Znaczy ona jest jeszcze nie-dzieciata??? Bo dzieciata by tak nie błysnęła, no bo mózgu już też mniej by miała... :ico_noniewiem:

Jasnie Pani :) myślę, że w końcu znudziło by Ci się chodzenie w ciąży :ico_oczko: Ja też pod koniec czułam się świetnie i mogłam chwalić się brzuszkiem bez końca (tym bardziej że pierwsze 4-5 mies. czułam się jak chora a nie w ciąży), ale pod sam koniec chciałam już jak najszybciej mieć dziecko na rękach a nie w brzuchu, spuchłam, był upał i ogólnie miałam dość! :ico_oczko:

: 05 maja 2007, 15:58
autor: edi
o Jasie Pani zawitała i to ze swiata wielkiego :ico_oczko:
23 tys to niezle ale mi chodzi o to czy co m-c bedziesz w PL cos brała?
apropo mózgu to jak ci sie dzieciak tak naje to mądre bedzie :ico_oczko: a tobie po co :ico_oczko: mózg? :ico_oczko: niancząc dziecko i tak sie cofniesz o jakies 20 lat ja np jestem na etapie babek z piasku :ico_oczko:
ja w cizy długooooooooo chodziłam.po 2 tyg po terminie i 3 prowokacjach dopiero karol sie ruszył z brzucha :ico_oczko:

: 05 maja 2007, 20:38
autor: Beatris60
witam serdecznie Jaśnie Panią w szczególności

i ja w ciąży długo chodziłam, Ola po terminie i wywoływana się urodziła
ale ja dobrze się czułam tylko między 4 a 8 m-cem, do 4 nie wychodziłam z toalety a w 8-9 wygladałam jak potwór który za chwilę eksploduje...jak pokazuję komuś zdjęcia to mnie nie poznają...mąz jak chciał być złosliwy toi mówił "masz coś na brodzie" a jak się wycierałam to mówił "nie na tej".w sklepach się na mnie z przerażeniem patrzyli że pewnie rodzić zacznę :ico_puknij:

: 06 maja 2007, 13:10
autor: Jasnie Pani :)
Czesc dziewczyny, melduje sie w dwupaku :-D nie bylo zadnych problemow w samolocie i Łucja zdecydowala, ze jednak jeszcze troche posiedzi w wielorybim brzuchu :-D


edi, jesli chodzi zi oto czy w PL bede sie starala o jakies zasilki to odpowiedz brzmi nie. po co? az tak zachlanna nie jestestem. Macierzynski mi beda wplacac na konto co tydzien, a ja sobie w PL w kazdym bankomacie to moge wybrac. A mozg niech sobie zjada, bo cos czuje, ze rzeczywiscie mi nie bedzie potrzebny :-D ja juz szkoly pokonczylam, a ona dopiero zacznie :ico_oczko:

Beatris60, ja tez juz jak lukrowany paczek wygladam :ico_olaboga: jak dlugo po porodzie zrzucalas???
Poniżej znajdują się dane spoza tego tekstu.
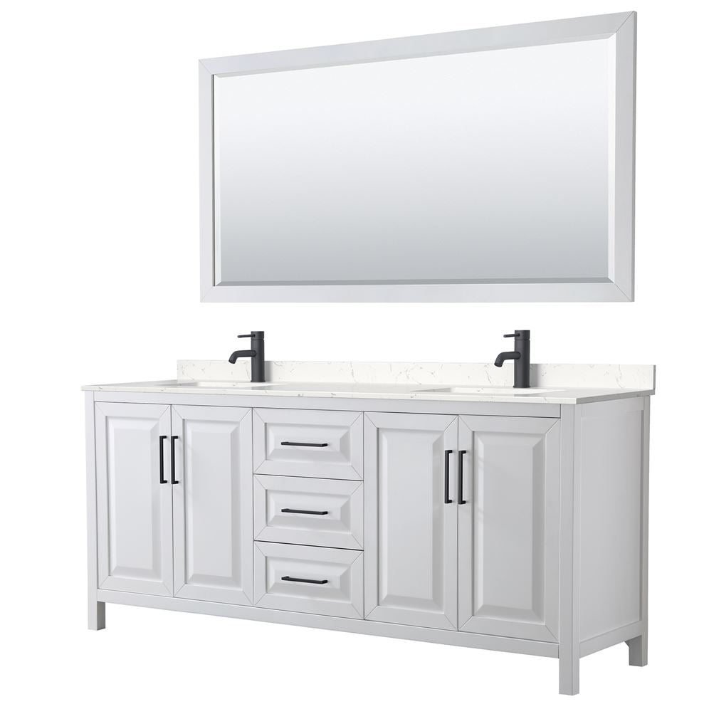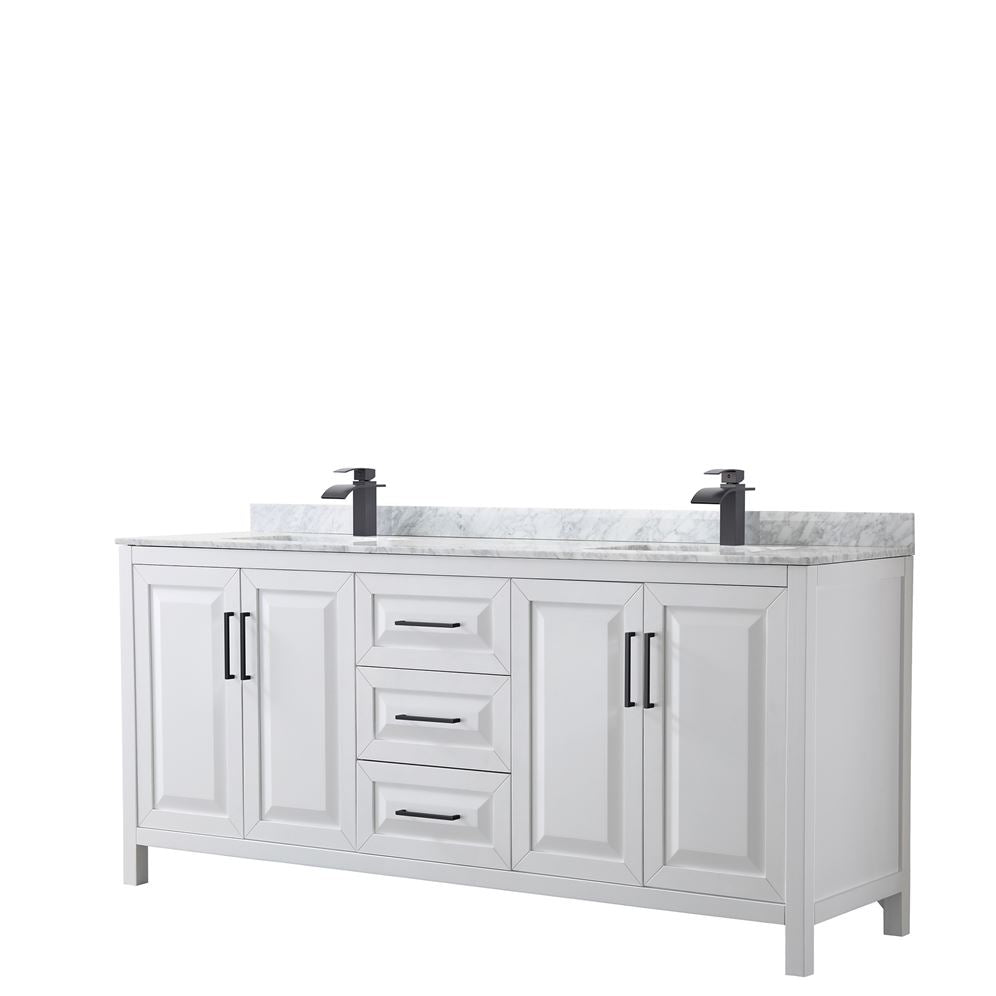 Wyndham Collection Daria 80-in White Double Sink Bathroom Vanity with White Carrara Marble Natural Marble Top (Mirror Included)

lilo, ja tez juz zaczynam miec dosc, zwlaszcza, ze z ubran mi tylko ogrodniczki zostaly, bo w zadne inne ciazowe spodnie juz nie wchodze :ico_placzek: wieloryb...

: 06 maja 2007, 13:44
autor: Beatris60
Jasnie Pani :) pisze:jak dlugo po porodzie zrzucalas???
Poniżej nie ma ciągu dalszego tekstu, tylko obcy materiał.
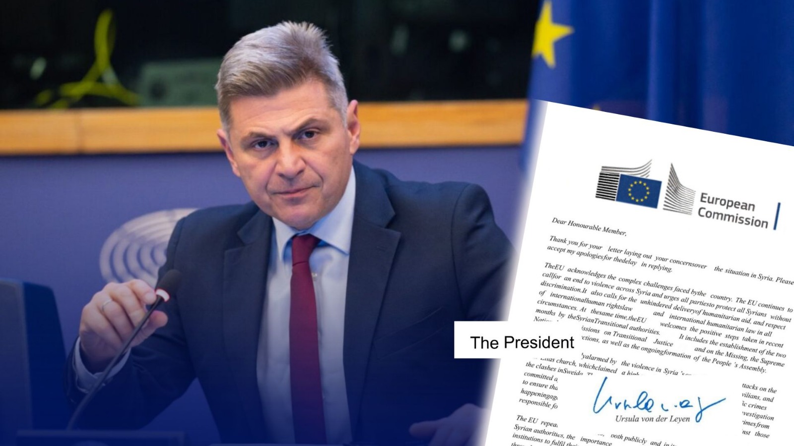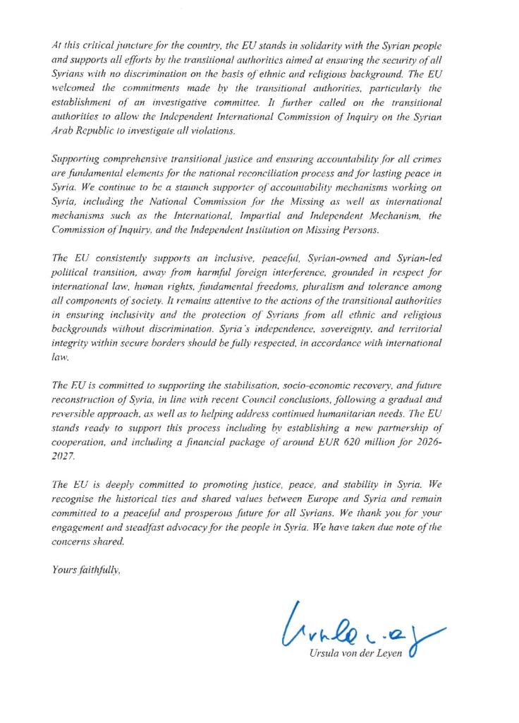 Σε επιβεβαίωση των καταγγελιών του ευρωβουλευτή Νικόλα Φαραντούρη για τις θηριωδίες στη Συρία απ’ το ισλαμιστικό καθεστώς του Αλ Τζολάνι, προχώρησε η Πρόεδρος της Κομισιόν  Ούρσουλα φον ντερ Λάιεν. Σε προσωπική επιστολή της προς τον Έλληνα ευρωβουλευτή, η πρόεδρος της Ευρωπαϊκής Επιτροπής παραδέχεται ότι η κατάσταση έχει επιδεινωθεί με «σφαγές στα παράλια και άλλες πόλεις της Συρίας, περιλαμβανομένης της βομβιστικής επίθεσης στην ορθόδοξη εκκλησία του Προφήτη Ηλία» και με θηριωδίες απέναντι σε εθνικές και θρησκευτικές κοινότητες όπως οι Χριστιανοί, Αλαουίτες, Δρούζοι και Κούρδοι.

ok pół roku ale byłam na strasznej diecie bo u oli podejrzewali uczulenie i karmiąc ją był czas że mogłam jeść ryż, wodę i indyka - zrzuciłam wtedy momentalnie ale nikomu takiej diety nie życzę

: 06 maja 2007, 18:31
autor: Jasnie Pani :)
Beatris60, :ico_pocieszyciel: mam nadzieje, ze mnie to ominie

[ Dodano: 2007-05-09, 13:36 ]
no i co, rzeczywiscie nie ma o czym gadac?

: 11 maja 2007, 12:37
autor: edi
Jasnie Pani jak tam?dalej w tandemie?
a powiedzcie mi czy lubicie dyskoteki?
ja kiedys kochałam
co tydzien chodziłam.teraz juz nie chcodze.ale lubie bary.ale tez nie chodze.no czasem 2 razy do roku :ico_oczko:

: 11 maja 2007, 12:56
autor: BeataW
edi pisze: powiedzcie mi czy lubicie dyskoteki?
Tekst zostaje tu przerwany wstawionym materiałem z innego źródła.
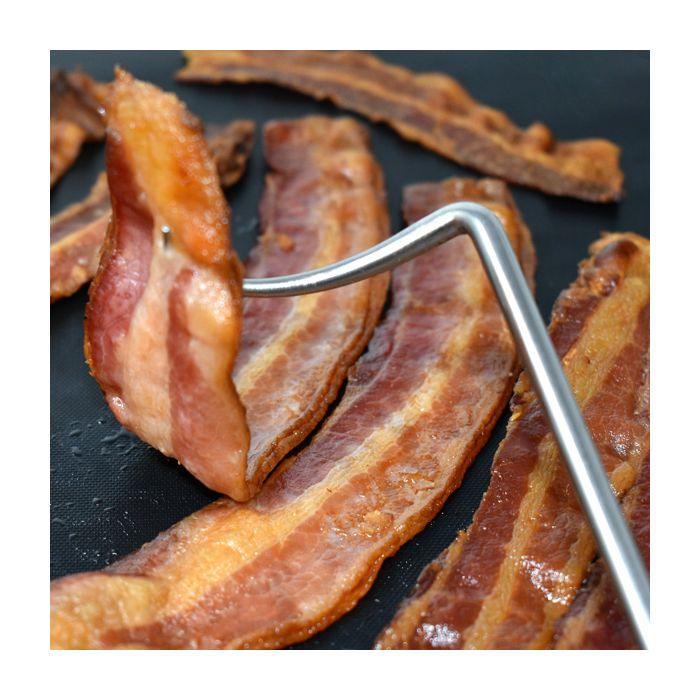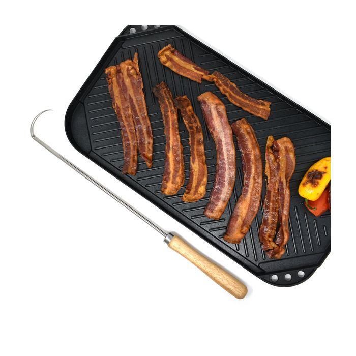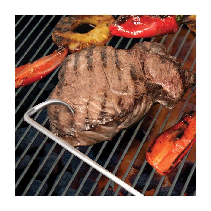 With a flip of the wrist, turn and lift anything on your grill, oven, smoker or campfire up to 15lbs. quickly and efficiently without leaving marks or tearing meat apart. Rack-of-ribs, steaks, tenderloins, chicken, bacon, corn-on-the-cob and so much more.

Ja w wieku 17-23 lata nie opuściłam chyba żadnej soboty (nie licząc postu)...dyskoteka,to był obowiązek...najpierw z koleżankami,potem z chłopakiem (jeszcze nie K)...a jak zaczęłam się spotykać z K i jego paczką,to nie było innej rozrywki,tylko dyskoteki :-D W jednym klubie właścieciel już nas znał i mieliśmy stałą lożę dla siebie,czasami kielicha gratis...to były czasy.Potem towarzystwo zaczęło się żenić,na świat przyszły dzieci; i dyskoteki poszły w zapomnienie...nie pamiętam,kiedy byłam ostatni raz na takiej imprezie,chyba na swoim wieczorze panieńskim :ico_olaboga:

: 11 maja 2007, 13:07
autor: lilo
A ja nie lubiłam, bo nie lubiłam takiej muzyki :ico_oczko: Byłam taką powiedzmy "hippiską" więc i moje towarzystwo takiej muzyki słuchało. Robiliśmy po prostu domowe, lub działkowe imprezy, tańce też bywały :ico_oczko: Dyskoteki czasem w wakacje zaliczałam, bądź w klubie studenckim. Ale rzadko.

: 11 maja 2007, 13:49
autor: Jasnie Pani :)
edi, my dalej w dwupaku, jakos latanie nam nie szkodzi

co do dyskotek, to dosc wczesnie zaczelam, bo kolo 15-16 roku zycia i to z taka czestotliwoscia jak BeataW do ok dwudzieski, potem bardziej studenckie imprezki mi podchodzily. wogole jak tak teraz pomysle, to pol dotychczasowego zycia przebalowalam. Obecnie mam najwiekszy okres abstynecji od siedemnastki :ico_wstydzioch:
moj tata zawsze sie mamie odgrazal: zobaczysz jak tak ja bedziesz wypuszczac, to ci z brzuchem wroci do domu :ico_nienie: . i co? ledwo na dziecko sie przed trzydziestka zalapalam :-D a moja slodkie i grzeczne rowiesniczki w wieku 17 lat zachodzily w ciaze nigdy nie bedac na zadnej imprezce. Wogole mialam duzo swobody i to mnie zycia nauczylo.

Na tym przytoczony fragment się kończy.